-- Work task --
In the entries below, the word "Figure" appears on some lines. Copy each of those lines.
### Records supplied
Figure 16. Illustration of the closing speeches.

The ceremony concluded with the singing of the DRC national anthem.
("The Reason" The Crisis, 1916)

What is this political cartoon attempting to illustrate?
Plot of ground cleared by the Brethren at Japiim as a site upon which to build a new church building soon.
######
### Records supplied
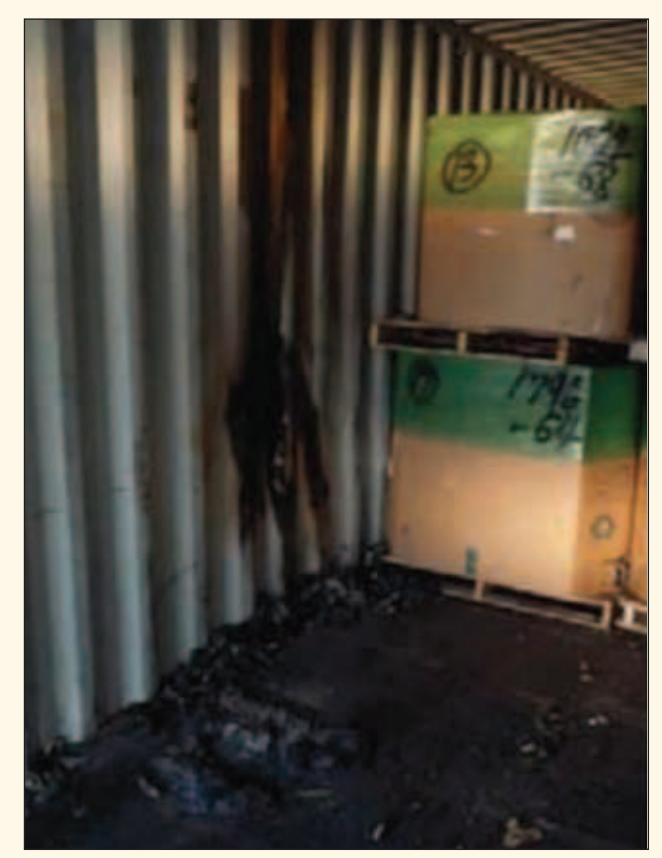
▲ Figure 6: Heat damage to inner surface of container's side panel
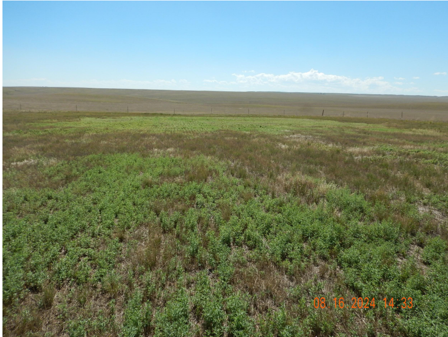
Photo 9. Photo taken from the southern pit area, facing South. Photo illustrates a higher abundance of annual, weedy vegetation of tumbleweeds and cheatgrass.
######
### Records supplied
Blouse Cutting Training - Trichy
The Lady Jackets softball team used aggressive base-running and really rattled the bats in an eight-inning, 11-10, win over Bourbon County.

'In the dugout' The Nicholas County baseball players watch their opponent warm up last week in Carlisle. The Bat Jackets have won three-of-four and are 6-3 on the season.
######
-- Finished task --
Figure 16. Illustration of the closing speeches.
▲ Figure 6: Heat damage to inner surface of container's side panel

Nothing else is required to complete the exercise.